1599 B. Jonson Ev. man out of Hum. ii. iii, You see..how their wits are refinde and rarefi'd! 1626 T. H. Caussin's Holy Crt. 24 Raryfying the most grosse thoughts, as the sun-beames doth the vapours of the earth. 1720 Welton Suffer. Son of God I. xi. 282 It is Prayer that..rarifies his Soul into an Essence of Divine Love. 1818 Hazlitt Char. Shaks. (1838) 142 Love is a gentle flame that rarefies and expands her whole being.

  b. To make (an idea) subtle.

a 1699 Stillingfl. Serm. (R.), Plain truths lose much of their weight when they are rarify'd into subtilities. 1875 Jowett Plato (ed. 2) IV. 149 In some parts of the argument the abstraction is so rarefied as to become..fallacious.

   c. To palliate, extenuate (a fault). Obs.

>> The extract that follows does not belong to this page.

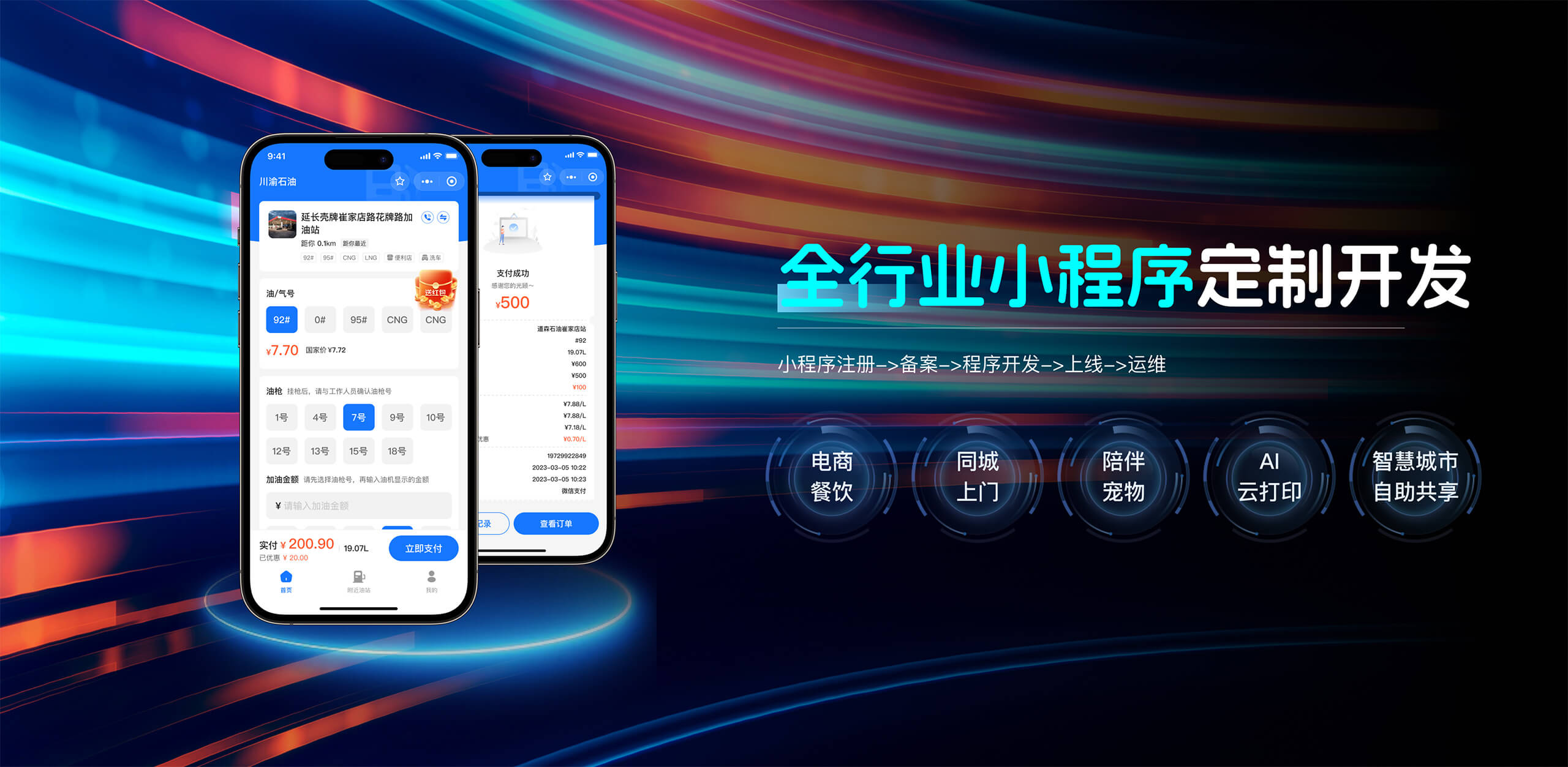 加油站小程序在線選擇油槍油管,支付寶快捷支付,查找附近油站位置查看案例川渝石油小程序 -

1622 H. Sydenham Serm. Sol. Occ. (1637) 222 There is something in this way, which may rarifie or extenuate an offence, nullify it cannot.

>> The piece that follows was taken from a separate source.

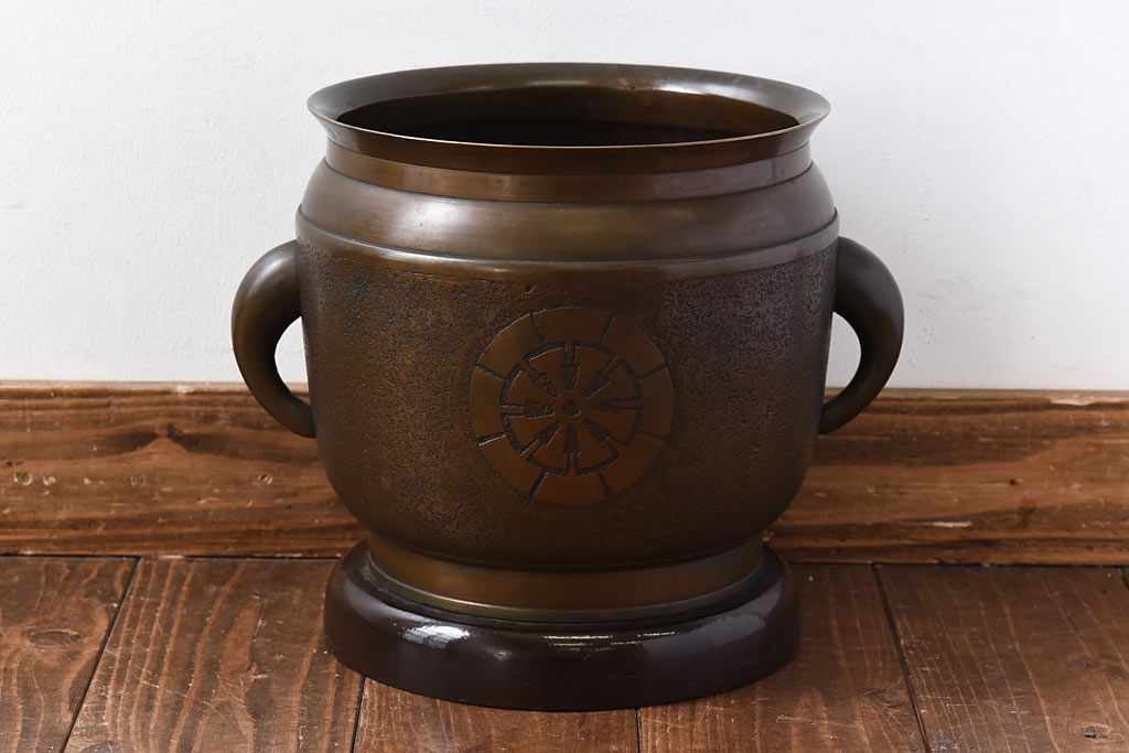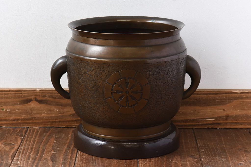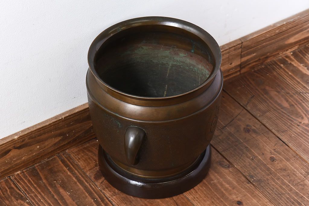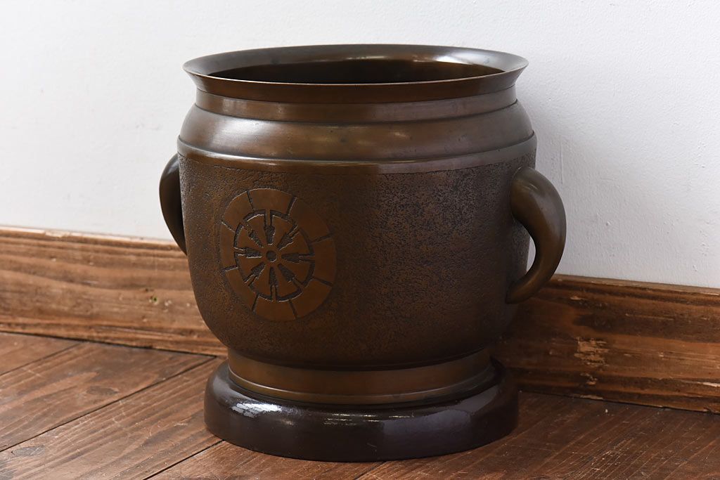 アンティーク雑貨 骨董・古民具 明治大正期 上手物 渋い和の趣きがある御所車紋様の耳付銅火鉢(鉢カバー)(2)

  d. intr. To discourse exaltedly. nonce-use.

1928 Blunden Undertones of War iv. 44, I remember how Limbery-Buse and myself chirped and rarefied over some crayfish and a great cake.

   3. To reduce the number of (trees); to thin (a wood). Obs. rare.

1650 Fuller Pisgah 411 Cedars were so rarified in Libanus, that modern travellers saw but four and twenty in their passage over this mountain. a 1661Worthies (1840) III. 244 There needed no iron mills to rarify the woods of this county.

  4. intr. To become less dense; to be thinned. rare.

a 1658 Cleveland Committee 34 Bodies at the Resurrection are On Wing, just rarifying into Air. 1750 tr. Leonardus' Mirr. Stones 132 When it is kindled by fire, it rarifies, and is violently dilated. 1847 De Quincey Span. Mil. Nun Wks. 1862 III. 57 Like the mist sometimes rarefying into sunny gauze.

  Hence ˈrarefying vbl. n. and ppl. a.

1648 Hammond Serm. iii. Wks. 1683 IV. 487 This rarifying power of flames and judgments. a 1660 Ibid. xxiv. 641 This rarifying and purifying of the fancy. 1898 Allbutt's Syst. Med. V. 9 The common atrophic rarefying emphysema.